Принято считать, что знаменитый советский писатель-прозаик Дмитрий Фурманов обрел всесоюзную популярность благодаря роману «Чапаев» (1923 г.) о жизни и гибели героя гражданской войны Василия Чапаева. Говоря об этом, люди несправедливо лишают заслуженного внимания другое знаменитое произведение Дмитрия Андреевича о Верненском восстании 1920 года «Мятеж», вышедшем двумя годами позже. Важно отметить, что со дня того бунта прошло ровно сто лет. Портал Qazaqstan Tarihy перечитал роман и готов поделиться с читателями о том, чем жило население Семиречья один век назад
Март 1920 года. Коммунисты, установив социалистический строй в пределах бывшей Российской империи, потихоньку подбирались к странам, на которых сильнее других сказались результаты Версальского договора. В Германии, к примеру, в марте 1920 года правительство Веймарской республики подавило Капповский путч, а позже – разоружило помогавшую им Рурскую Красную армию. Тем временем, в своих границах коммунисты допустили т.н. «Шушинскую резню», а вслед за этим провели IX съезд Российской коммунистической партии большевиков, по итогам которого в ЦК РКП (б) было избрано 19 человек и 12 кандидатов в члены ЦК. Интересно, что 18 человек из этого списка были расстреляны в период с 1936 по 1941 гг.

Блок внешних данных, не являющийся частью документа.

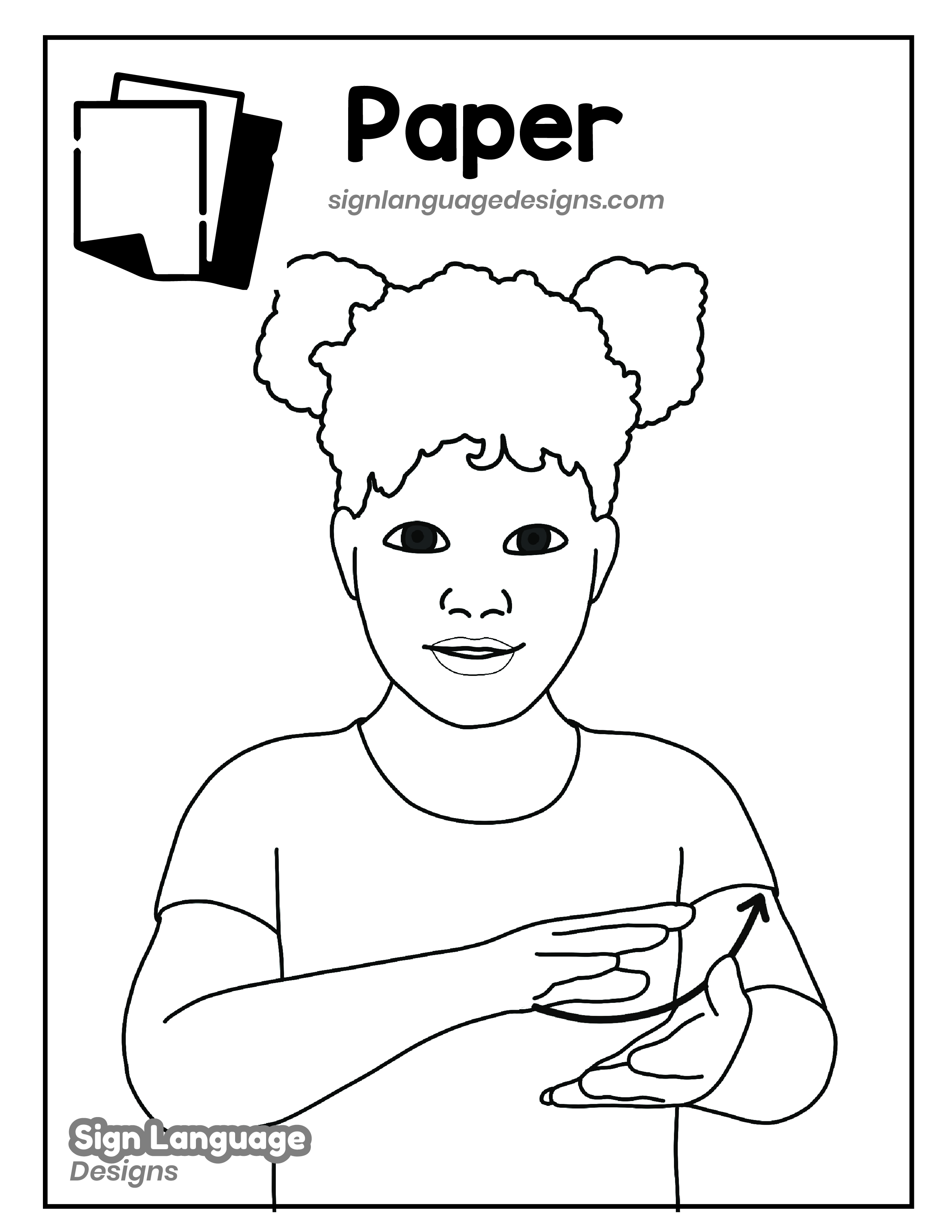 Free ASL sign poster featuring the ASL sign for the word PAPER. This is a black and white poster which is both printer-friendly and also can be used as a coloring page. You’ll find we have color versions available for free download too HERE!
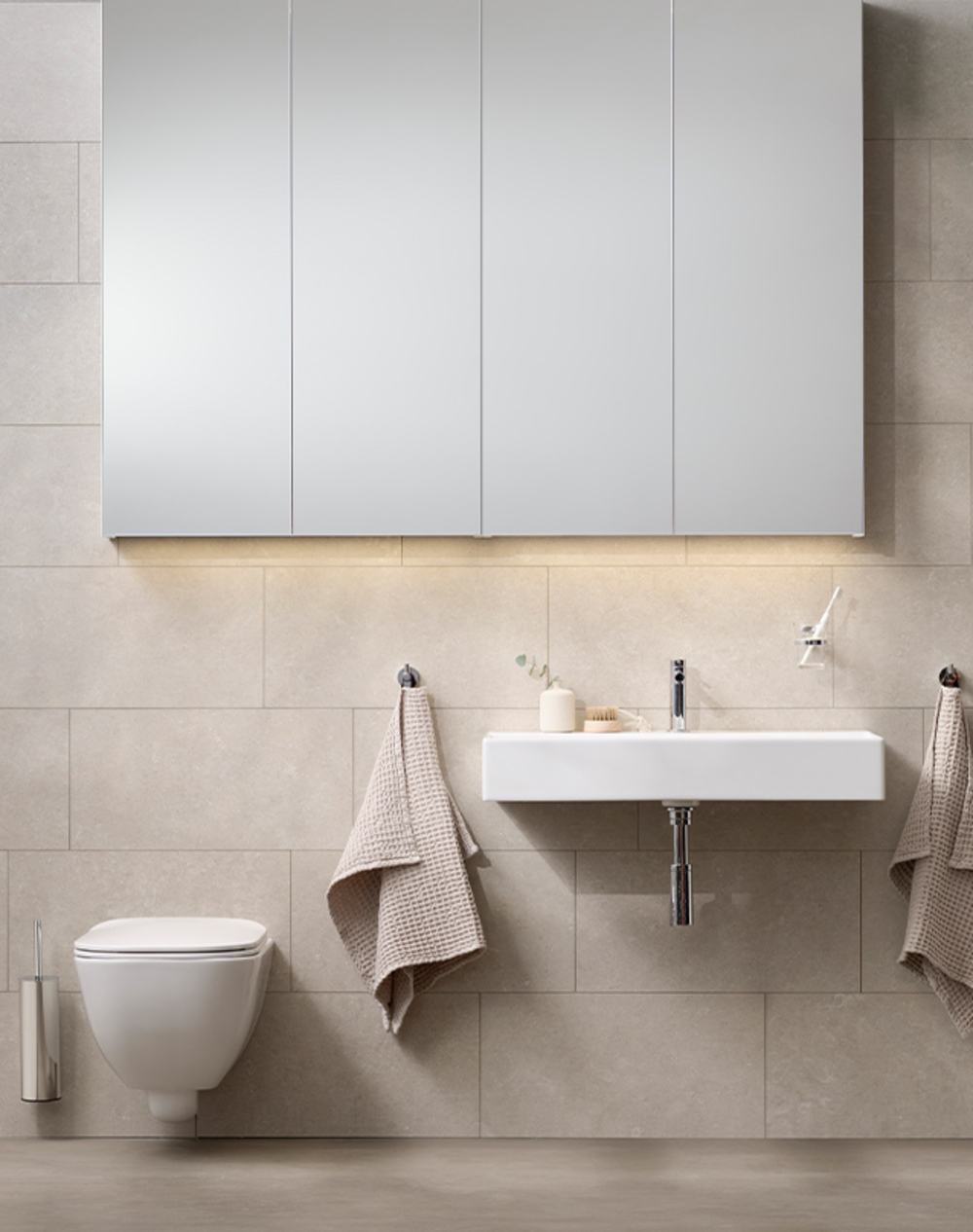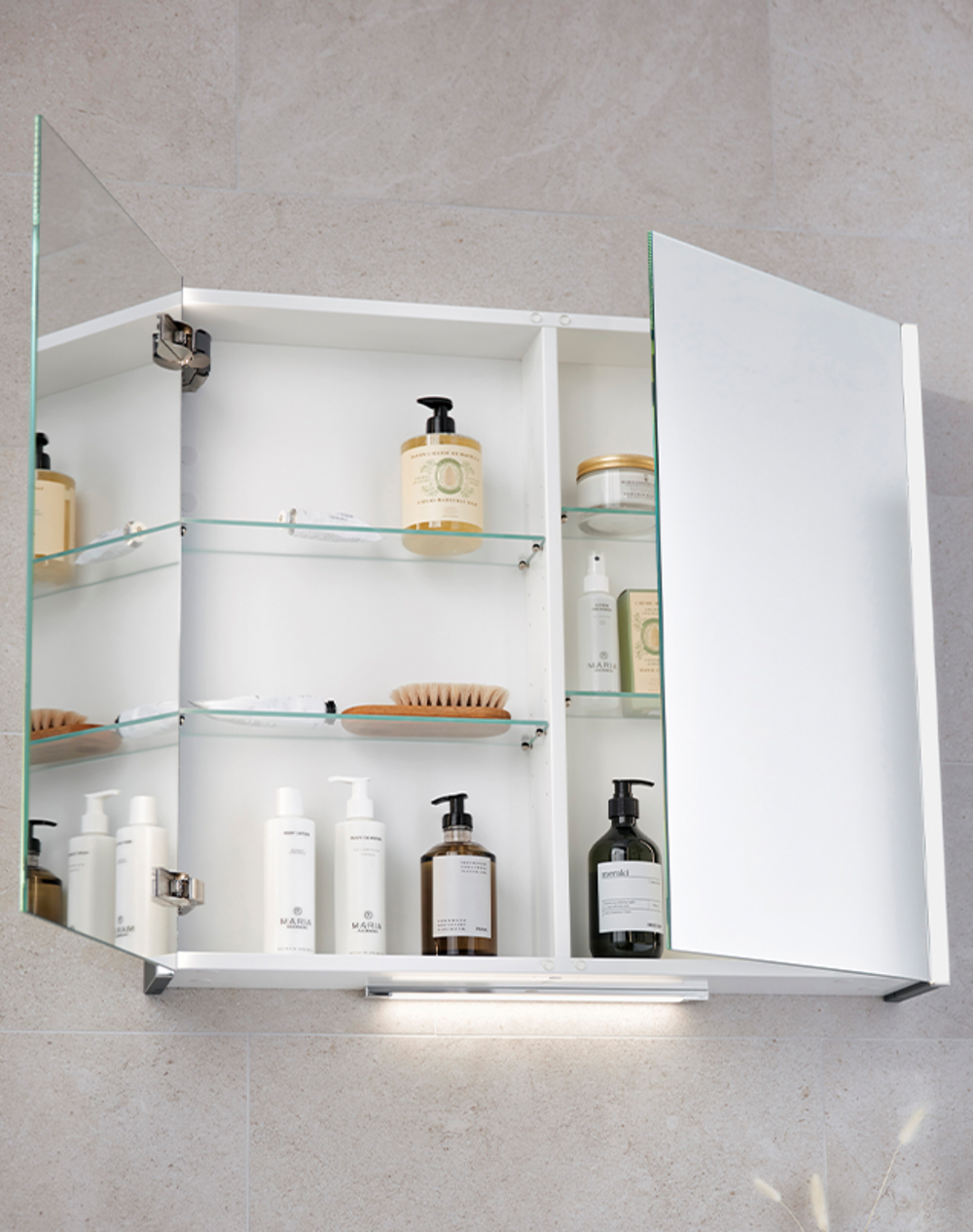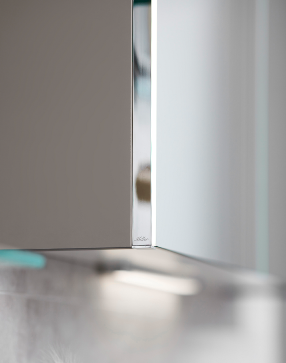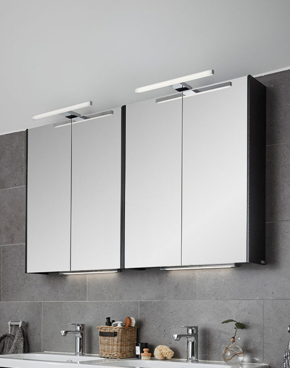 Spegelskåpen är utrustade med Linear Led belysning. Ett energisnålt och samtidigt kraftfullt ljus som ger en jämnare spridning utan skuggor eftersom det lyser från sidorna.

Между тем, Фурманов вместе с сотоварищами находился в Ташкенте и готовился выступить в Верный. По словам самого Дмитрия Андреевича, в Семиречье он отправился в качестве уполномоченного по области от реввоенсовета фронта, а вместе с собой прихватил дюжину товарищей, среди которых были политорганизаторы, инструкторы, агитрабочие, руководители партшкол, газетчики, театралы и другие. Путь, по его словам, был труден: «…чтобы добраться к Верному, надо ведь проползти целых шестьсот с лишком верст на лошадях, горами и равнинами…». О Верном в те годы говорили немало, особенно в свете того, что десятью годами ранее город был полностью разрушен землетрясением. Хоть с момента той самой катастрофы и прошла целая декада, но отголоски трагедии до сих пор были на устах. Особенно отличались в этом старожилы, которые пророчили молодым людям гибель если не от горных бурных рек, то уж точно от обвалов, провалов и снесенных водой мостов.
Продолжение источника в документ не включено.